[EXERCISE DATA Boundary: Start]

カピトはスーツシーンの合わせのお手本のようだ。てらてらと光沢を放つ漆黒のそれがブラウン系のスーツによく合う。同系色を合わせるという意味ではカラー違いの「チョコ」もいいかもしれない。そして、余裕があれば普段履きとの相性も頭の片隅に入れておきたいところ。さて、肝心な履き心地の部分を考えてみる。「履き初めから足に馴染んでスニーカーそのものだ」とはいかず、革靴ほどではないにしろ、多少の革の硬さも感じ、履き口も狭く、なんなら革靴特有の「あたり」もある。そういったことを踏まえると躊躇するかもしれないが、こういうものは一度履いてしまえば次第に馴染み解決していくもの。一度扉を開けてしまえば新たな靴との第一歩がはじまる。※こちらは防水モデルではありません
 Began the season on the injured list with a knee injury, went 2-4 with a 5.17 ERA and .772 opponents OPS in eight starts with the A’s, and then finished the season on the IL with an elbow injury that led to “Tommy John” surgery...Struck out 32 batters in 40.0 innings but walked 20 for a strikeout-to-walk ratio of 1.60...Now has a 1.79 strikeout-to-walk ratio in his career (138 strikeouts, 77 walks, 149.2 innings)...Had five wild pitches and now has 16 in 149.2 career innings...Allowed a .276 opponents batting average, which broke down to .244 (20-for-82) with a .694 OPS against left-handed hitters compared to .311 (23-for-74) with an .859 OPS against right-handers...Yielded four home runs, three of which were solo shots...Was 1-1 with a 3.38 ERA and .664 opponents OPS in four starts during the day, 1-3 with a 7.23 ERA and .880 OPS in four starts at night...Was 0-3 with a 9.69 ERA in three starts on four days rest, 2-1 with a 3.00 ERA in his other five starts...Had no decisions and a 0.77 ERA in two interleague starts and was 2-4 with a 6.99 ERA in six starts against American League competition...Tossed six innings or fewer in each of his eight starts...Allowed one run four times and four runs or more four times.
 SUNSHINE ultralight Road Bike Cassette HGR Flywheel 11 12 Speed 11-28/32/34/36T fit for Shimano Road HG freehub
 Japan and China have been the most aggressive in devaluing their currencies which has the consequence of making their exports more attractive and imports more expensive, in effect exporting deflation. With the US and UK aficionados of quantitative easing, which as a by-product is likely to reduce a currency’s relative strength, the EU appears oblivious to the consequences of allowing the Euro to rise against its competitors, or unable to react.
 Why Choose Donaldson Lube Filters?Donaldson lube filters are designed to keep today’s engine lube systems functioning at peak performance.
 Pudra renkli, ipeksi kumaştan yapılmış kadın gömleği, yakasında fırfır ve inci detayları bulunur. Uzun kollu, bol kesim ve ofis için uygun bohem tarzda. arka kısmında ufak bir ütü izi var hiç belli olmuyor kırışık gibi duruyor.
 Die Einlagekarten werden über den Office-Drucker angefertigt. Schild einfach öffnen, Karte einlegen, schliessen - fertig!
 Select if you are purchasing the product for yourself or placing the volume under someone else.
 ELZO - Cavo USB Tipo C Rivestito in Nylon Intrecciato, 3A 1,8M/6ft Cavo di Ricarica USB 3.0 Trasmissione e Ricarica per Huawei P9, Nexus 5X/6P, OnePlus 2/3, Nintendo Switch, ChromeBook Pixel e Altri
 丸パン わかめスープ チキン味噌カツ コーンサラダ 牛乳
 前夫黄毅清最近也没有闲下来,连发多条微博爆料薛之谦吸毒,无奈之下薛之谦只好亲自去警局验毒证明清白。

[EXERCISE DATA Boundary: End]

** ABOUT THIS TASK **
Could you restate word for word the lines above, from the one that contains "SUNSHINE ultralight Road" through the one that contains "Japan and China", and no others?

** RESPONSE BELOW **
 SUNSHINE ultralight Road Bike Cassette HGR Flywheel 11 12 Speed 11-28/32/34/36T fit for Shimano Road HG freehub
 Japan and China have been the most aggressive in devaluing their currencies which has the consequence of making their exports more attractive and imports more expensive, in effect exporting deflation. With the US and UK aficionados of quantitative easing, which as a by-product is likely to reduce a currency’s relative strength, the EU appears oblivious to the consequences of allowing the Euro to rise against its competitors, or unable to react.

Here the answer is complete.